Jansen Ivy, Molenberghs Geert, Aerts Marc, Thijs Herbert, Van Steen Kristel
Biostatistics, Center for Statistics, Limburgs Universitair Centrum, Universitaire Campus, B-3590 Diepenbeek, Belgium.
Biometrics. 2003 Jun;59(2):410-9. doi: 10.1111/1541-0420.00048.

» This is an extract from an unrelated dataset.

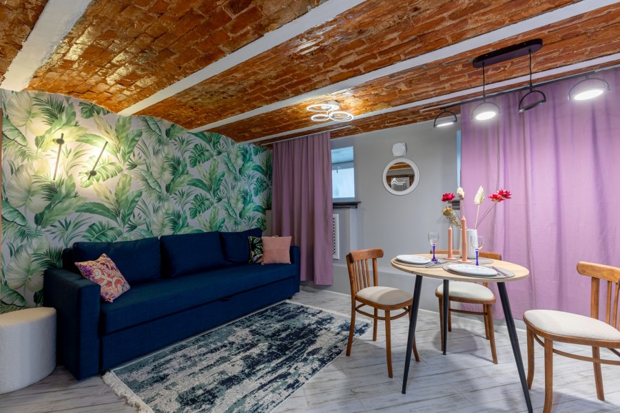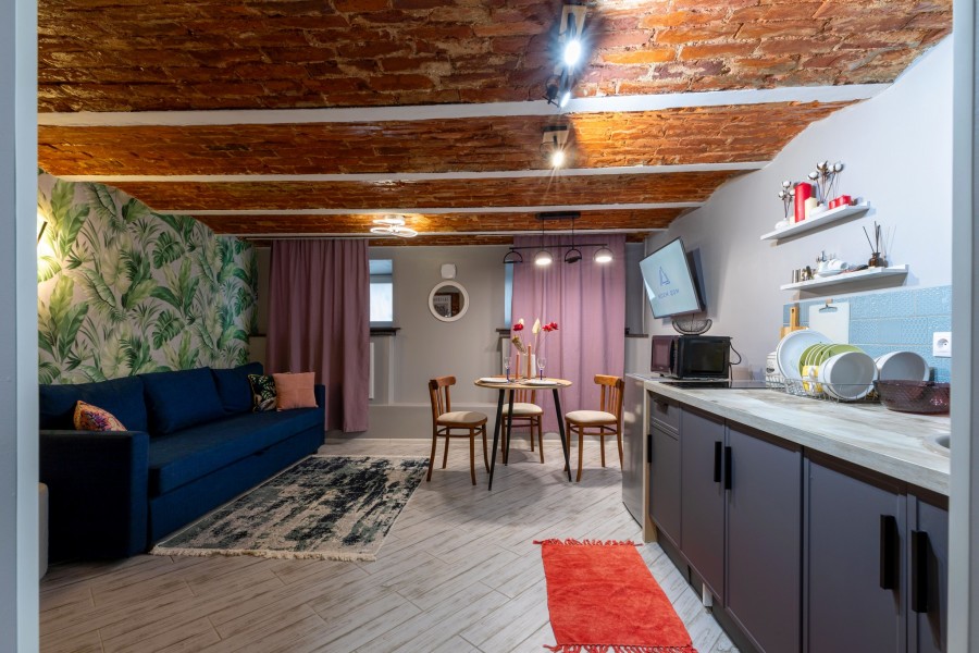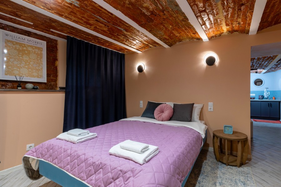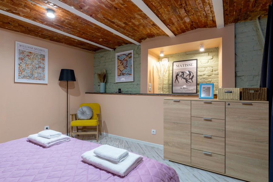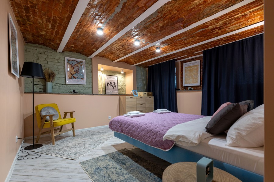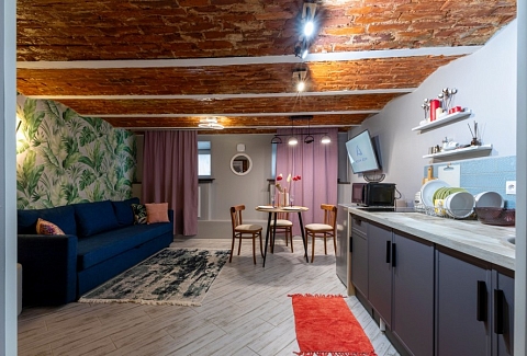 В здании работают кафе быстрого питания, бар крафтового пива, ресторан скандинавской кухни. Припарковать автомобиль можно вдоль проезжей части.В апартаментах могут с комфортом разместиться 4 гостя: отдельная спальня оборудована двуспальной кроватью, в кухне-гостиной установлен раскладной диван. В кухонной зоне есть все необходимое для приготовления еды, посудомоечная и стиральная машины, обеденная группа. Санузел располагает душевой. Для проживающих доступно подключение к Wi-Fi. Возможно заселение с питомцем.

Recently, a lot of concern has been raised about assumptions needed in order to fit statistical models to incomplete multivariate and longitudinal data. In response, research efforts are being devoted to the development of tools that assess the sensitivity of such models to often strong but always, at least in part, unverifiable assumptions. Many efforts have been devoted to longitudinal data, primarily in the selection model context, although some researchers have expressed interest in the pattern-mixture setting as well. A promising tool, proposed by Verbeke et al. (2001, Biometrics 57, 43-50), is based on local influence (Cook, 1986, Journal of the Royal Statistical Society, Series B 48, 133-169). These authors considered the Diggle and Kenward (1994, Applied Statistics 43, 49-93) model, which is based on a selection model, integrating a linear mixed model for continuous outcomes with logistic regression for dropout. In this article, we show that a similar idea can be developed for multivariate and longitudinal binary data, subject to nonmonotone missingness. We focus on the model proposed by Baker, Rosenberger, and DerSimonian (1992, Statistics in Medicine 11, 643-657). The original model is first extended to allow for (possibly continuous) covariates, whereafter a local influence strategy is developed to support the model-building process. The model is able to deal with nonmonotone missingness but has some limitations as well, stemming from the conditional nature of the model parameters. Some analytical insight is provided into the behavior of the local influence graphs.
最近,为了将统计模型应用于不完整的多变量和纵向数据,人们对所需的假设提出了诸多关注。作为回应,研究工作致力于开发工具,以评估此类模型对通常很强但至少部分无法验证的假设的敏感性。许多工作都集中在纵向数据上,主要是在选择模型的背景下,尽管一些研究人员也对模式混合设定表示了兴趣。Verbeke等人(2001年,《生物统计学》57卷,43 - 50页)提出的一个很有前景的工具基于局部影响(Cook,1986年,《皇家统计学会学报》,B辑48卷,133 - 169页)。这些作者考虑了Diggle和Kenward(1994年,《应用统计学》43卷,49 - 93页)的模型,该模型基于选择模型,将连续结果的线性混合模型与用于失访的逻辑回归相结合。在本文中,我们表明,对于多变量和纵向二元数据,在存在非单调缺失的情况下,可以开发类似的思路。我们关注Baker、Rosenberger和DerSimonian(1992年,《医学统计学》11卷,643 - 657页)提出的模型。原始模型首先进行扩展以允许(可能是连续的)协变量,之后开发一种局部影响策略来支持模型构建过程。该模型能够处理非单调缺失,但也存在一些局限性,这源于模型参数的条件性质。我们对局部影响图的行为提供了一些分析见解。